--- WORK REQUEST ---
Which lines run from the one with "Italian Riviera Coastal" through the end of the data? Retype them exactly, without pictures.

--- RAW DATA ---
== Segment start ==
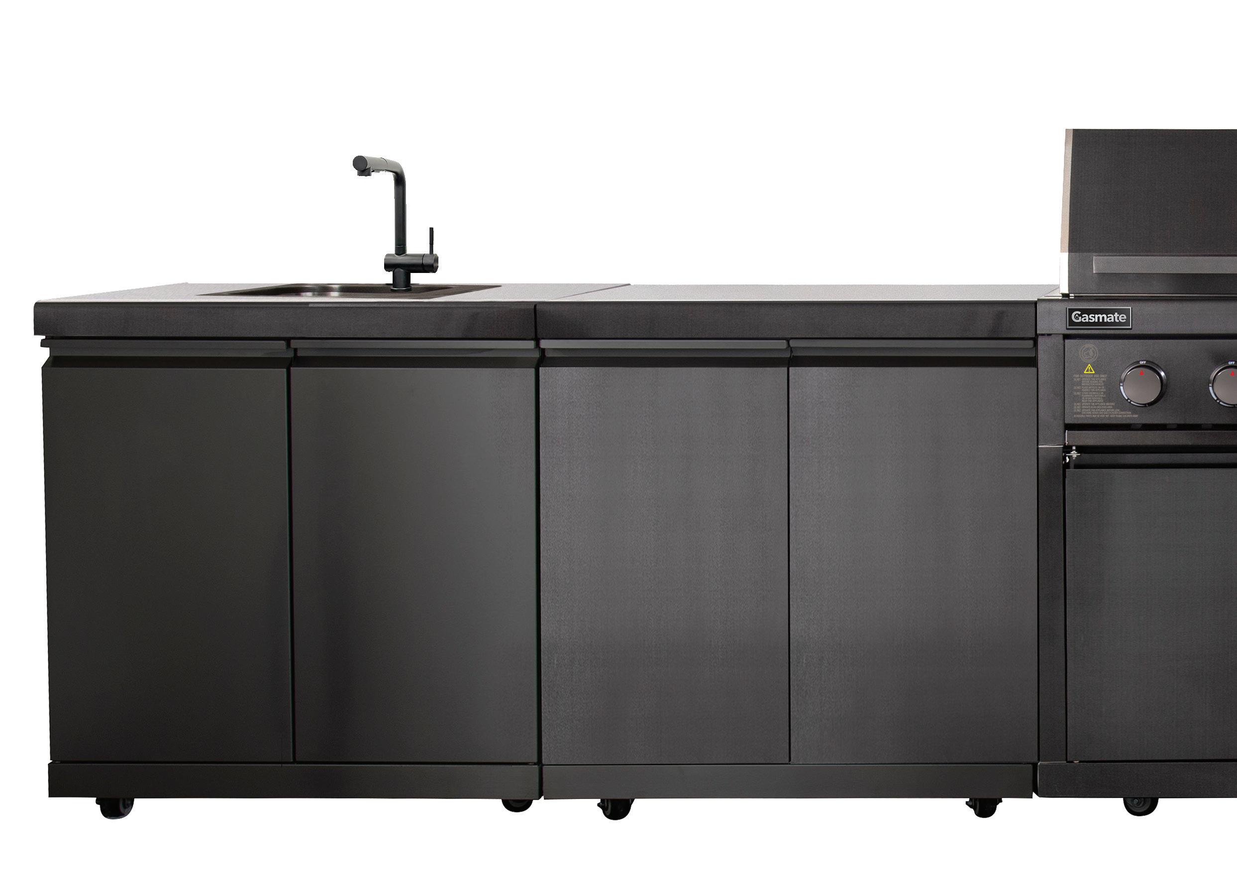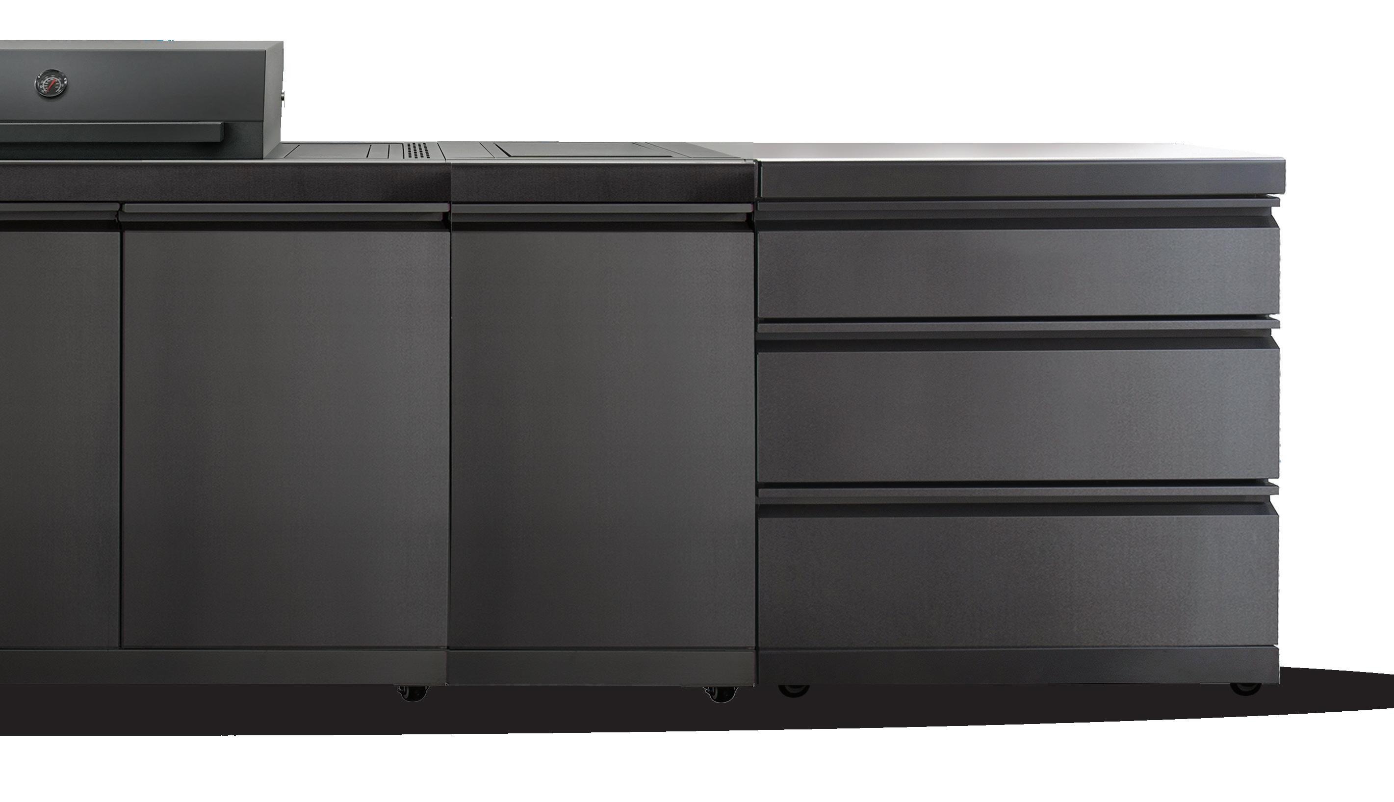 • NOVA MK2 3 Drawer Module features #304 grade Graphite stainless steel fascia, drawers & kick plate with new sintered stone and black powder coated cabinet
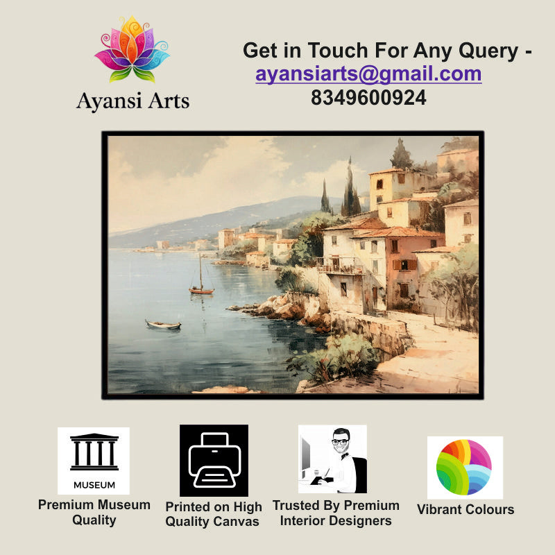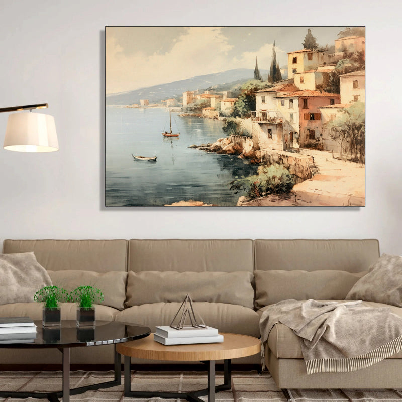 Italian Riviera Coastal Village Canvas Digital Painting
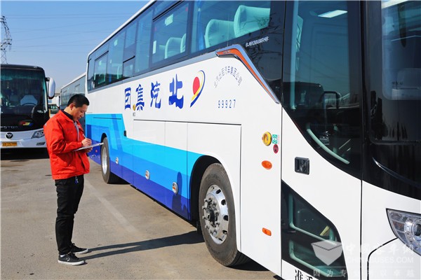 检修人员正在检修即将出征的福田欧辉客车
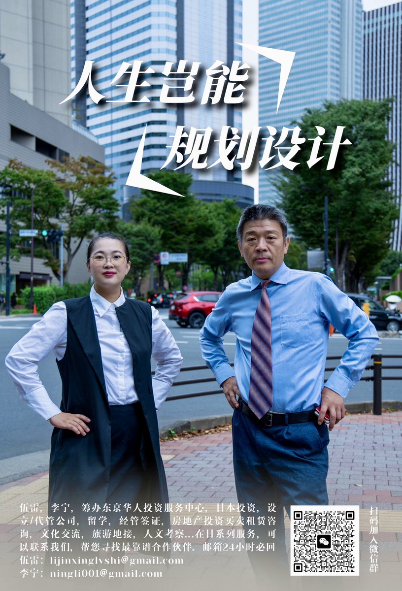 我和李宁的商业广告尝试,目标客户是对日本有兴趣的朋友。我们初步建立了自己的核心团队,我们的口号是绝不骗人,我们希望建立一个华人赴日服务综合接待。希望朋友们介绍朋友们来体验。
== Segment end ==
--- SOLVED PROBLEM ---
 Italian Riviera Coastal Village Canvas Digital Painting
 检修人员正在检修即将出征的福田欧辉客车
 我和李宁的商业广告尝试,目标客户是对日本有兴趣的朋友。我们初步建立了自己的核心团队,我们的口号是绝不骗人,我们希望建立一个华人赴日服务综合接待。希望朋友们介绍朋友们来体验。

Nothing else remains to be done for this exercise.